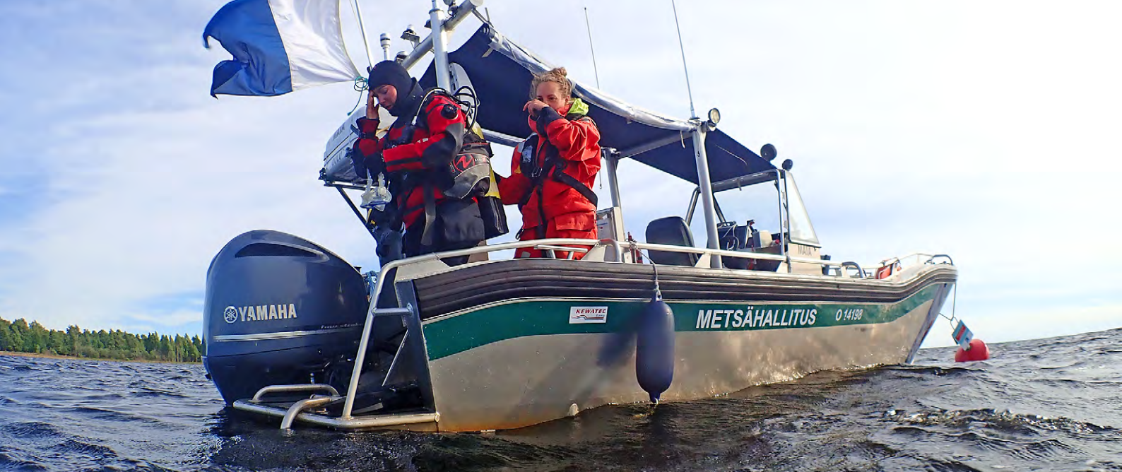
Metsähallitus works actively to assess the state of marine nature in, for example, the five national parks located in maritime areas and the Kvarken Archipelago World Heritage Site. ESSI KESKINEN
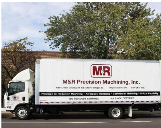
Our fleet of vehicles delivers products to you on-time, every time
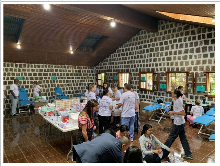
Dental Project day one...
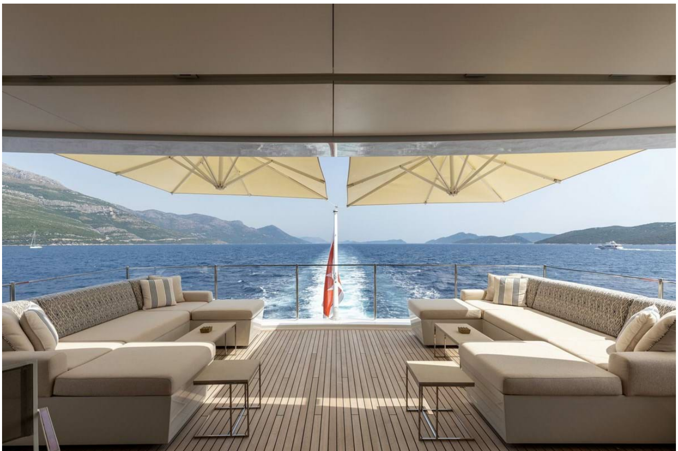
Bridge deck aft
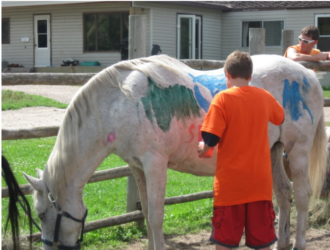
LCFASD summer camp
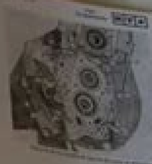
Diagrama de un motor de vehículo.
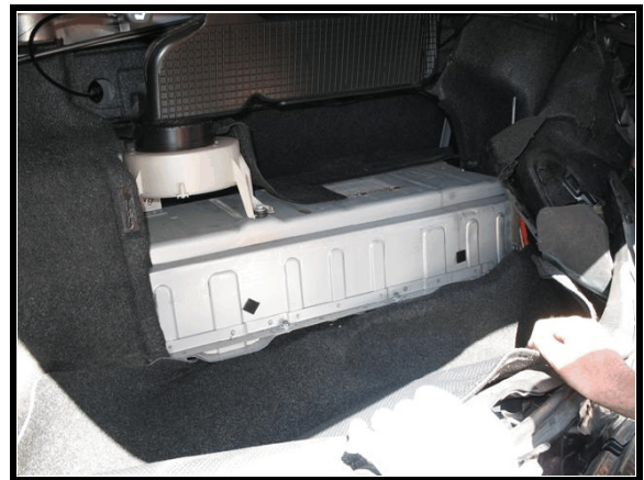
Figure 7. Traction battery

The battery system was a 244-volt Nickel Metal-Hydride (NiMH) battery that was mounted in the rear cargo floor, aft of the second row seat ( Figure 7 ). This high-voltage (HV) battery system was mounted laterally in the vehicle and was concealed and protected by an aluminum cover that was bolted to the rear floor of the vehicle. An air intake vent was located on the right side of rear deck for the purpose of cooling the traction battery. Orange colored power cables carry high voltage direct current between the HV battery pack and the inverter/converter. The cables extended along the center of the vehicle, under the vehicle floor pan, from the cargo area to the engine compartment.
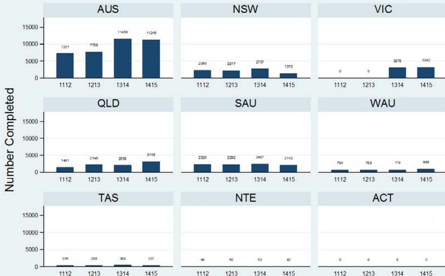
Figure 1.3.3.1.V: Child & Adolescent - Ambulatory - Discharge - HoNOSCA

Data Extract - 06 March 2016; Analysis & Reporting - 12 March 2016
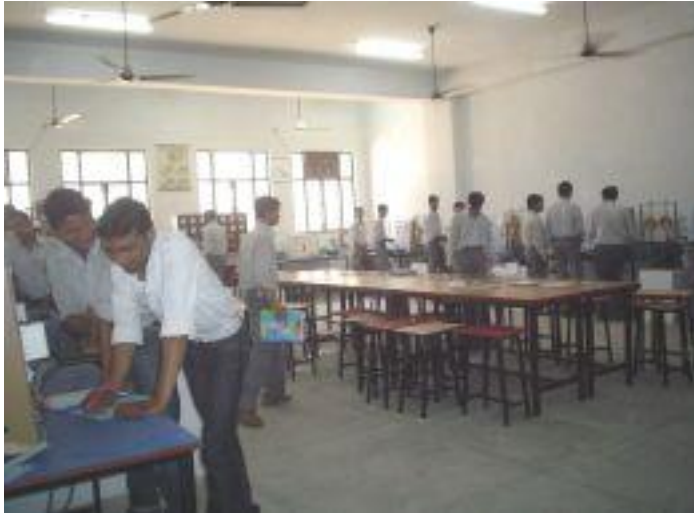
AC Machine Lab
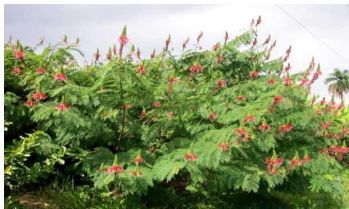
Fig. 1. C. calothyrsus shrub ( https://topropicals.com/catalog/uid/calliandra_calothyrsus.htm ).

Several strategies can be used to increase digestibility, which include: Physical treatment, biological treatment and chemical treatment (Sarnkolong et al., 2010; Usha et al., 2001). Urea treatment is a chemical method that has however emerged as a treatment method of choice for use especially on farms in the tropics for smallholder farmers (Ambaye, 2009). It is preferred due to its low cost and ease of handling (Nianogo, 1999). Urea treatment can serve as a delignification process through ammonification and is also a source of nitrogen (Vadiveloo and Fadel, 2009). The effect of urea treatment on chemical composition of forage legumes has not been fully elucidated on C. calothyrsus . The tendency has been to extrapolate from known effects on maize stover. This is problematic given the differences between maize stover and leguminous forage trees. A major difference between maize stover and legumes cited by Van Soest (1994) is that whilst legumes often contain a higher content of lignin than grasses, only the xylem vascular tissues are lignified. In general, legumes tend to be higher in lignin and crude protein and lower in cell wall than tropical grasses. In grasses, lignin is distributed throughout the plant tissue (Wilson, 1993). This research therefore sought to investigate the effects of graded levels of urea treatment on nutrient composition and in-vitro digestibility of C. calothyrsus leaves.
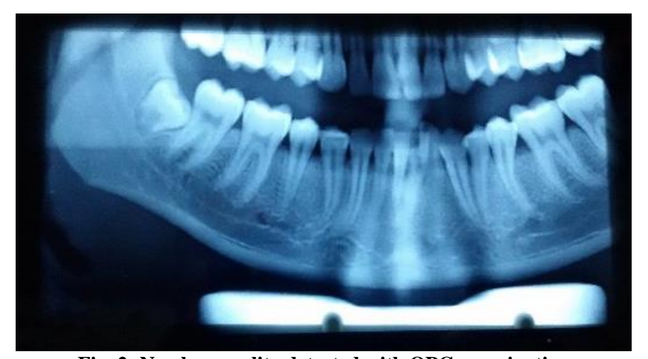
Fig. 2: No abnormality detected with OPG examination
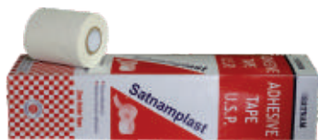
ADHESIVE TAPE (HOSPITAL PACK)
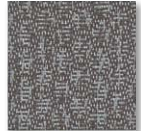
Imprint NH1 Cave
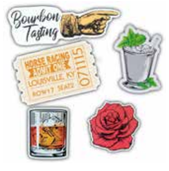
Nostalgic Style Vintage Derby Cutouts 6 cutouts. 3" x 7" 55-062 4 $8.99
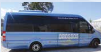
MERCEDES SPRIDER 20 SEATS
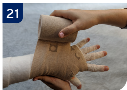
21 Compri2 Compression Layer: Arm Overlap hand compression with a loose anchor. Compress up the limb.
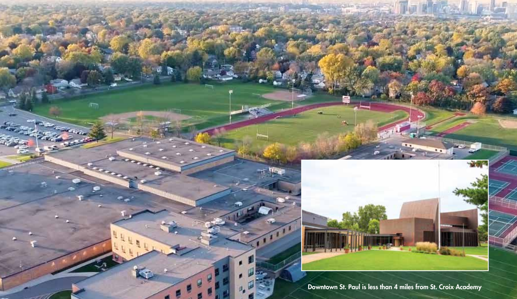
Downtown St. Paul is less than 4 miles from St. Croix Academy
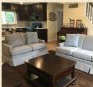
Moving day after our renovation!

==============================

Work item: Please write out exactly, and only, the lines from the beginning of the entries through the line containing "Fig. 1. C. calothyrsus", including both and skipping all pictures.

Answer space:
Metsähallitus works actively to assess the state of marine nature in, for example, the five national parks located in maritime areas and the Kvarken Archipelago World Heritage Site. ESSI KESKINEN
Our fleet of vehicles delivers products to you on-time, every time
Dental Project day one...
Bridge deck aft
LCFASD summer camp
Diagrama de un motor de vehículo.
Figure 7. Traction battery

The battery system was a 244-volt Nickel Metal-Hydride (NiMH) battery that was mounted in the rear cargo floor, aft of the second row seat ( Figure 7 ). This high-voltage (HV) battery system was mounted laterally in the vehicle and was concealed and protected by an aluminum cover that was bolted to the rear floor of the vehicle. An air intake vent was located on the right side of rear deck for the purpose of cooling the traction battery. Orange colored power cables carry high voltage direct current between the HV battery pack and the inverter/converter. The cables extended along the center of the vehicle, under the vehicle floor pan, from the cargo area to the engine compartment.
Figure 1.3.3.1.V: Child & Adolescent - Ambulatory - Discharge - HoNOSCA

Data Extract - 06 March 2016; Analysis & Reporting - 12 March 2016
AC Machine Lab
Fig. 1. C. calothyrsus shrub ( https://topropicals.com/catalog/uid/calliandra_calothyrsus.htm ).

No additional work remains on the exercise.